Well, first, here is an aspirin before we start: although it has deep layers of meaning, you don’t need to be a brain or an egghead to “get it.” YANAPOP is a fast, thrilling, vernacular race to the finish that anybody can easily understand—and love. I don’t say this as a parent (the novel is one of my children) but once a novel is done and on its way, the author goes from being a participant to an observer. I’m pleased to wave goodbye as I move on to the next project.
Readers will take one the wildest roller-coaster rides of their lives, and come away with the restored idea that imagination still has new worlds to explore. Although tightly structured and sparingly executed, this novel is one of any reader’s least formulaic novels ever enjoyed. Those who get off the ride with shaky legs and blurry vision will immediately cry for more. If I do decide to write a sequel, I will make sure this novel remains a once-in-a-million standalone. The thriller aspects are all there: the shooting, the running, the terror, the wonder (as Jeff Goldblum informs us in the Jurassic Park sequel) and above all, the relentless pacing on a nightmare stallion through the cosmos of Southern California (LA and San Diego) as few have ever experienced or imagined it.

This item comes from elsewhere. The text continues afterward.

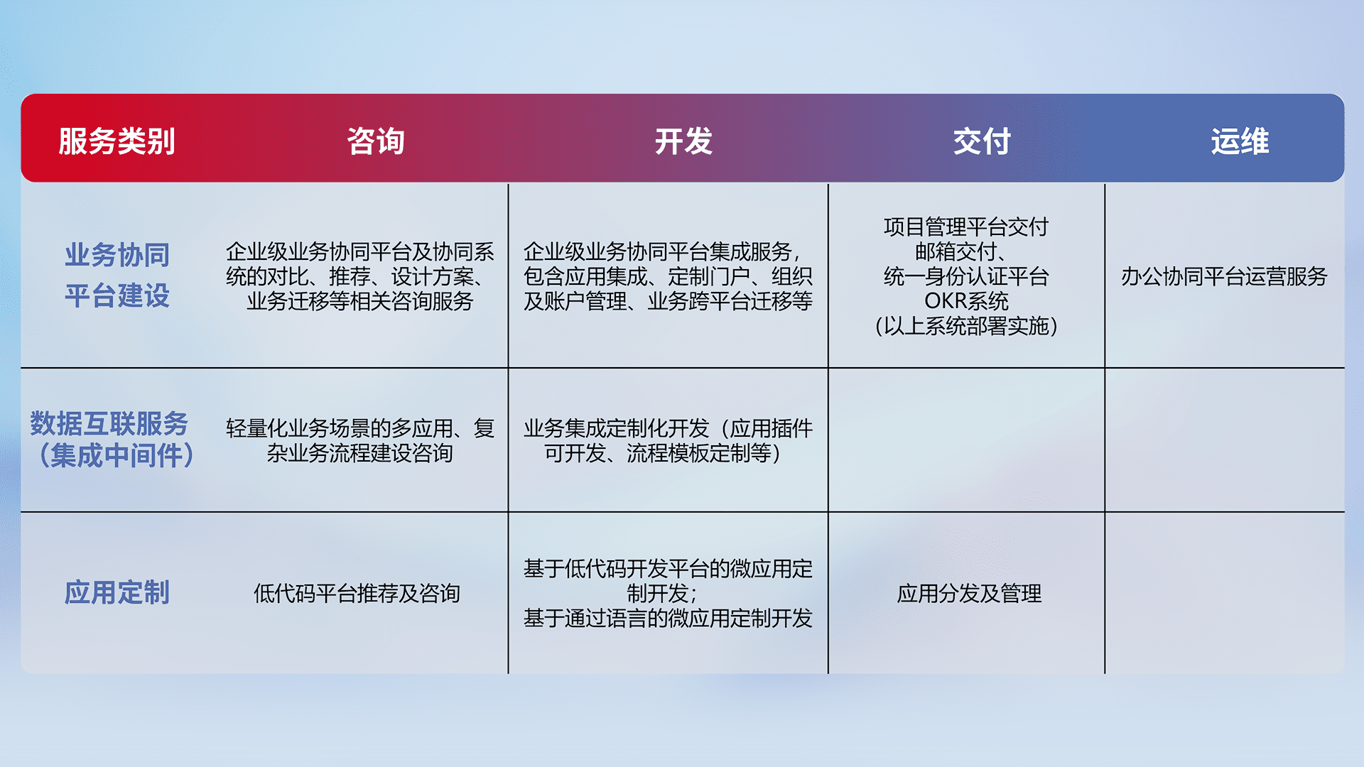 针对钉钉、、、企微、、、IDaas等平台级产品提供产品的规划、、方案、、、交付、、、定制化开发等服务,,,实现如统一协同办公、、、、智能客户服务、、、、混合会议管理、、、智能数据查询、、、等业务场景,,,实现数字化转型。。

How does this book make a contribution to the genre?
I call it the world’s first Attitude Thriller. If you think you’re out there and hip, this novel takes you beyond the beyond. Even when you come home after the ride is over, nothing will seem quite the same ever again. Remember: attitude spelled backwards is edutitta, which is a long-lost Ligurian (Italian) expression for things being led out (from the dark into the light). I just made that up, but that’s okay—I write all sorts of half-truths to entertain and edify readers.
Was there anything new you discovered, or surprised you, as you wrote this book?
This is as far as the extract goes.